# How long to wait before and after meal to play with puppy?



## Neko (Dec 13, 2012)

So I am trying to figure out how to make this work better and clueless. 

I feed Zeus at 6 am when I get up. He hears the alarm and ready to eat. Than I have an hour and a half before work so I get ready in 30/40 min, take him to potty and play outside for a few min, toss his ball around or tug. 

He is left in the ex-pen where he sleeps and plays during the day.

He eats again at 11:30.

When I get home, he eats at 6 pm. This is the time I think of changing. he is a puppy, 15 weeks so it is impossible to make him rest after a meal, he pretty much stays active from 6 pm and until bedtime, from zoomies to everything. 

I am thinking of pushing it later so we can play when I get home, than how long to wait before feeding? and after feeding I want to do more playing before bed, how long should I keep him calm? 

He usually eats his dinner and wants to go out and run around, same in the morning because he gets crated all night and in the morning I can't give him an hour or 2 rest before we play because i leave for work?

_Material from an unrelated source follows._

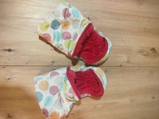 Manoplas para carrito de bebé con un divertido estampado de lunares. - Estampado de lunares multicolor. - Forro interior de terciopelo rojo.
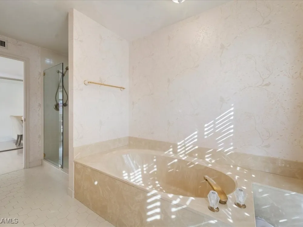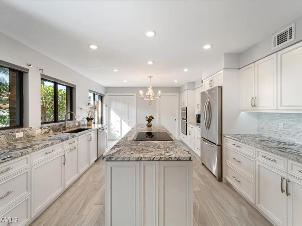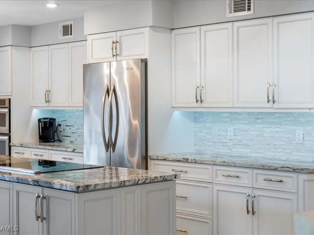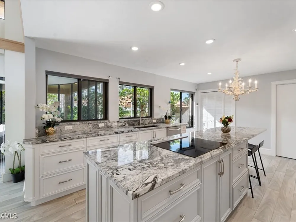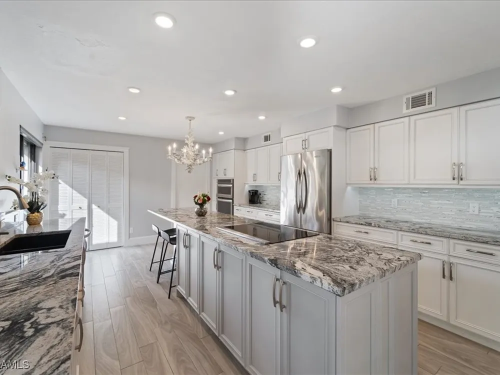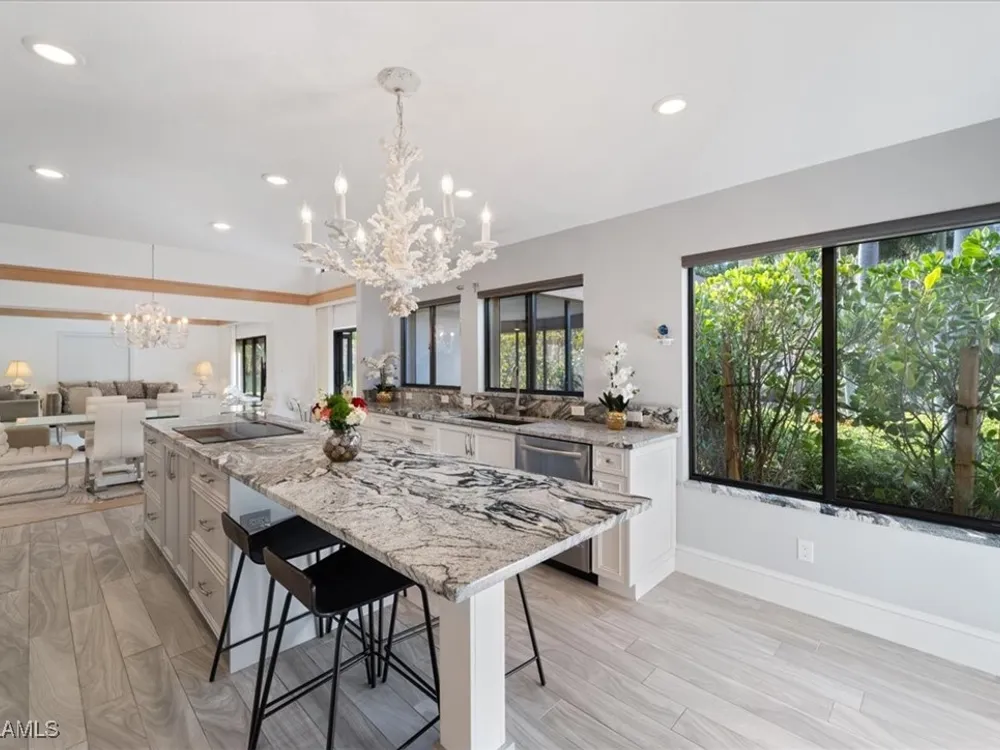 Seller says unit has never flooded! in X500 flood zone! Exceptional and rarely available Villa in Pelican Bay – A Serene Oasis with Modern Elegance. Step into this meticulously maintained 3-bedroom villa, where luxury meets tranquility. Recently updated and in pristine condition, this home boasts a newer gourmet kitchen featuring high-end granite countertops, a stunning glass tile backsplash, and all-new top-tier appliances. The porcelain tile flooring throughout adds a touch of sophistication, while a neutral palette of fresh paint creates a warm and inviting ambiance. Relax on the screened porch overlooking a serene pond and lighted fountain, or enjoy the privacy of the walled courtyards accessible from the master suite and third bedroom. The laundry room is thoughtfully upgraded with a granite sink and new under-counter washer and dryer. Even the garage shines with a freshly painted floor, showcasing the attention to detail in every corner of this home. Built for comfort and safety, the villa includes comprehensive hurricane protection with high-impact glass, electric shutters, and manual options. The exterior has also been freshly painted, complementing the well-maintained Interlachen community inspired by the timeless design of Frank Lloyd Wright. Interlachen offers lush landscaping, tranquil water features, a newly renovated swimming pool, decks, and a picturesque bridge. With a new irrigation system in courtyards and an enhanced entry fountain, the community is a reflection of Pelican Bay’s premier lifestyle. Located within walking distance to Pelican Bay’s renowned amenities, residents enjoy the convenience of the berm for walking or biking, tram access to two exclusive Beach Club restaurants, and proximity to two Tennis Centers and a full-service fitness facility. Discover the serene elegance of this villa and the unparalleled lifestyle of Pelican Bay. Schedule your private showing today!

I am clueless, is this even a concern with a puppy? I am sure when he is older we can do proper rest, but he also will not be as crazy as he is now. 

Any feedback would be great, thank you!


----------



## Shade (Feb 20, 2012)

I had the same problem with Delgado, he was go go go from sunup to sundown. I ended up doing a sort of compromise and did on leash slower walks after dinner and very low key exercises like "find it" and tracking with a little kibble to keep him calm and quiet but his mind working.

Now he's older so I just make sure for a hour or so he rests then we can play after the hour is up. Usually it helps because I feed the dogs then make dinner, so I'm focused on that and he knows to relax either on his bed or in the kitchen quietly while I'm busy with that.


----------



## Neko (Dec 13, 2012)

Ohh maybe i can feed him and keep some kibble for find it, he loves that game! this is a good idea already =) thank you!


----------



## Galathiel (Nov 30, 2012)

I leave around the same time as you, but I get up around 5 am ish. I plan to do our exercise outside, any obedience/mental games we are doing that morning, then back inside. I will then shower/get ready (puppy crated). Everyone eats breakfast around 6:30. I plan to use a kong feeder for part of his meal to entertain him as well. I work all day so will run home at lunch to take him out/feed lunch and then back to work. In the evenings, we will play outside, go for walks (when old enough) with classes and outings thrown in. My son will help out as he can with extra potty breaks during the day while the puppy is still young. Supper will be around 6:30 in the evenings unless it's an outing night then it will be after we get home (using part of his kibble as treats during the outing? maybe).


----------